* [EXERCISE DETAILS]: Copy, pictures aside: the lines below from the one that holds "7월 둘째주 식단표 페이지" through the final line of the listing, both ends included, exactly as they are and nothing else.

* [DATA BELOW]:
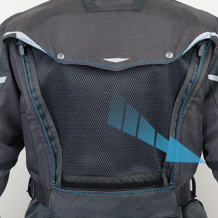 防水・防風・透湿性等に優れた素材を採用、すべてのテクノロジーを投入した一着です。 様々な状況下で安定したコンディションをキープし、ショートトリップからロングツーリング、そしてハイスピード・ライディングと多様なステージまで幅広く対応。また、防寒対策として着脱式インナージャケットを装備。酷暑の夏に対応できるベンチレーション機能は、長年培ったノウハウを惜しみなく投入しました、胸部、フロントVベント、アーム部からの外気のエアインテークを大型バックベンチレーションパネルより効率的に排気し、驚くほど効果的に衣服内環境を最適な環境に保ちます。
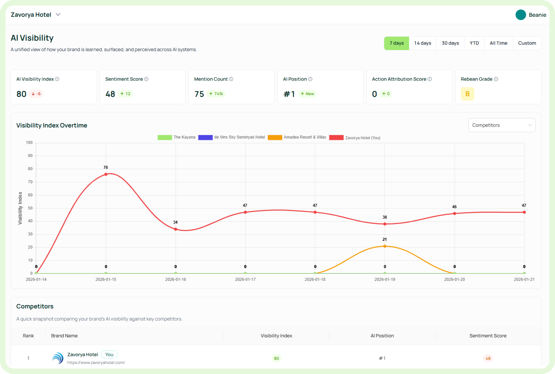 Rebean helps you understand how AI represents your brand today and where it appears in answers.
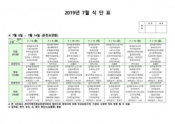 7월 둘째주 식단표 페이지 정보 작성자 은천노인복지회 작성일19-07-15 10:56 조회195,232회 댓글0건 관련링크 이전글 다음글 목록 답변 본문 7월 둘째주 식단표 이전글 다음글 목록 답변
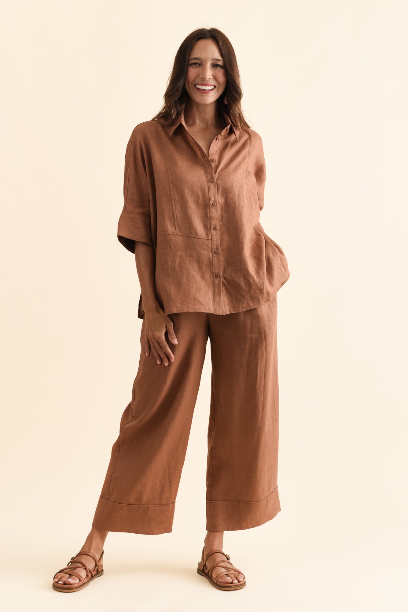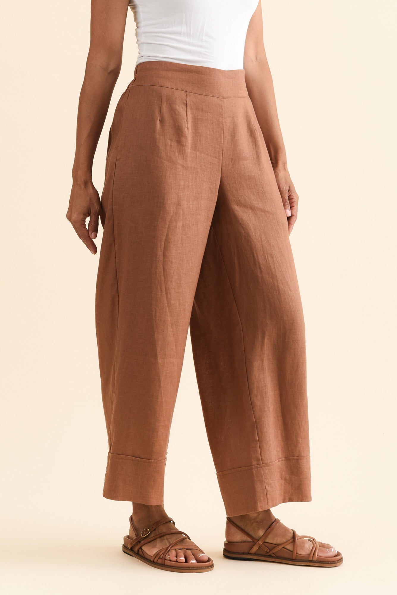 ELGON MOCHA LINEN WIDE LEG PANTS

* [ANSWER TO THIS PROBLEM]:
 7월 둘째주 식단표 페이지 정보 작성자 은천노인복지회 작성일19-07-15 10:56 조회195,232회 댓글0건 관련링크 이전글 다음글 목록 답변 본문 7월 둘째주 식단표 이전글 다음글 목록 답변
 ELGON MOCHA LINEN WIDE LEG PANTS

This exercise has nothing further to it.